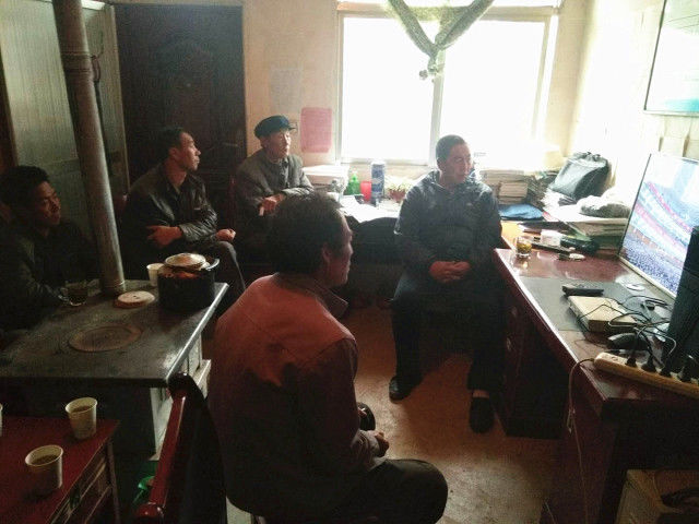 甘肅省臨洮縣康家集鄉(xiāng)大頭山村黨員們在屋里圍坐在一起觀看。(攝影:中國鄉(xiāng)村之聲農(nóng)民觀察員王富江)
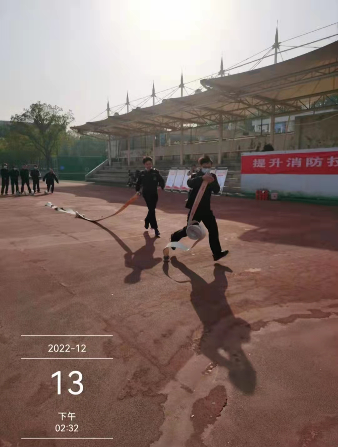 随着一声令下,比武正式开始。参赛队员们分秒必争,一人两盘水带连接、出枪、灭火,动作一气呵成。在灭火器实操竞赛环节,参赛队员飞速跑向手提4KG干粉灭火器处,再快速跑向着火点灭火。全程配合协调默契,展现出平时训练的“真功夫”,高标准地完成了全部比武项目。
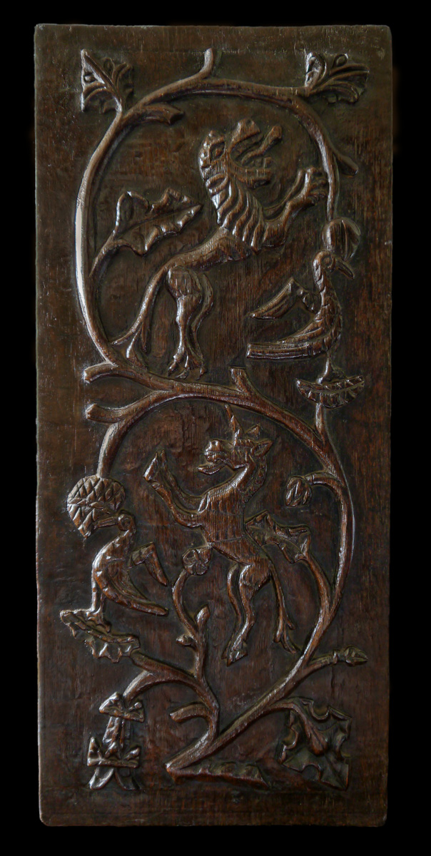Both of rectangular form, the first panel has a horizontal scrolling leafy stem, with a wonderful standing lion in the upper half. Below, and facing in the opposite direction, is a unicorn, again in a standing position. A couple of birds – perhaps storks (the stork, heron and crane are all symbols of love, hope long life or prosperity) – are carved amongst the foliage.
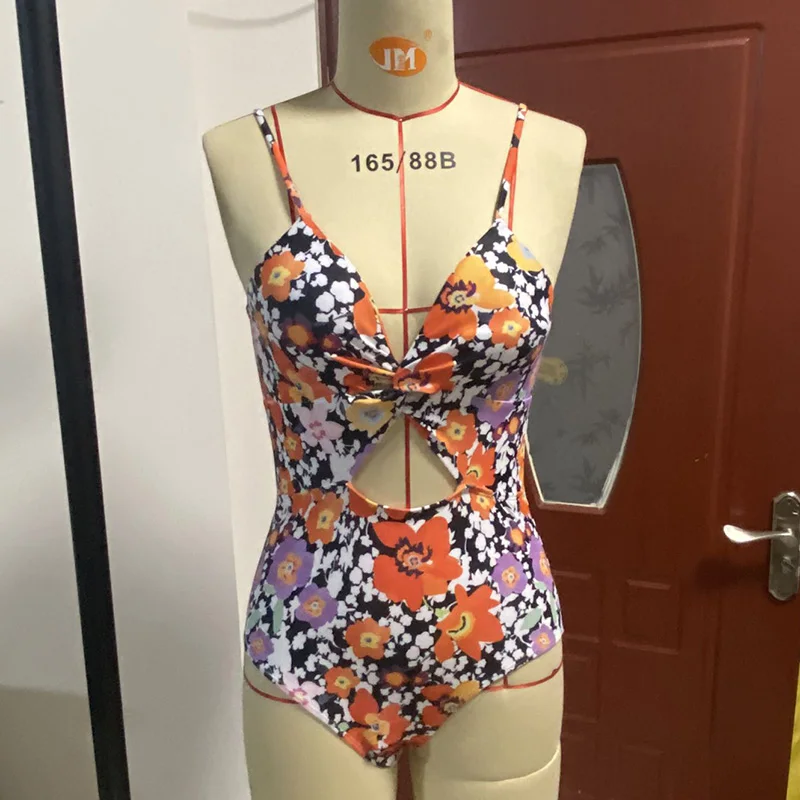 Купальник-монокини Женский, раздельный, с цветочным принтом, пуш-ап
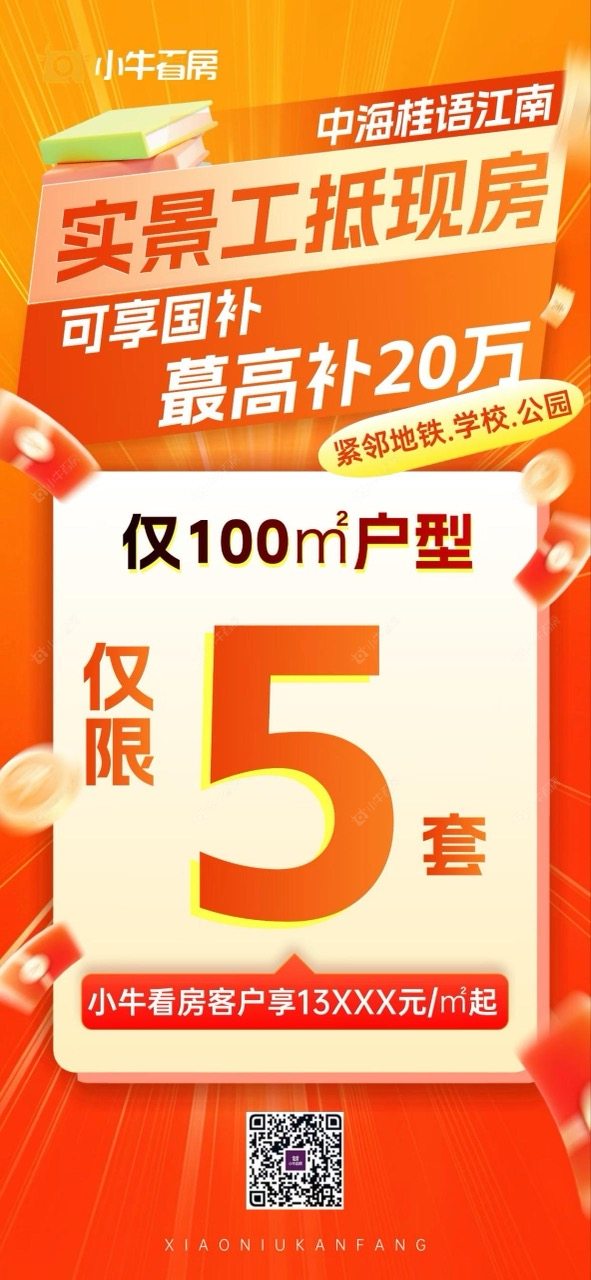 项目优惠双节钜惠|中海现房清盘倒计时 地铁+学校双配套,安家一步到位 小牛看房专享8席特惠 12888元/平起 买桂语江南,享受优惠,找小牛看房
▬▬▬
The entire listing above, minus its pictures, should be copied out exactly.

 甘肅省臨洮縣康家集鄉(xiāng)大頭山村黨員們在屋里圍坐在一起觀看。(攝影:中國鄉(xiāng)村之聲農(nóng)民觀察員王富江)
 随着一声令下,比武正式开始。参赛队员们分秒必争,一人两盘水带连接、出枪、灭火,动作一气呵成。在灭火器实操竞赛环节,参赛队员飞速跑向手提4KG干粉灭火器处,再快速跑向着火点灭火。全程配合协调默契,展现出平时训练的“真功夫”,高标准地完成了全部比武项目。
Both of rectangular form, the first panel has a horizontal scrolling leafy stem, with a wonderful standing lion in the upper half. Below, and facing in the opposite direction, is a unicorn, again in a standing position. A couple of birds – perhaps storks (the stork, heron and crane are all symbols of love, hope long life or prosperity) – are carved amongst the foliage.
 Купальник-монокини Женский, раздельный, с цветочным принтом, пуш-ап
 项目优惠双节钜惠|中海现房清盘倒计时 地铁+学校双配套,安家一步到位 小牛看房专享8席特惠 12888元/平起 买桂语江南,享受优惠,找小牛看房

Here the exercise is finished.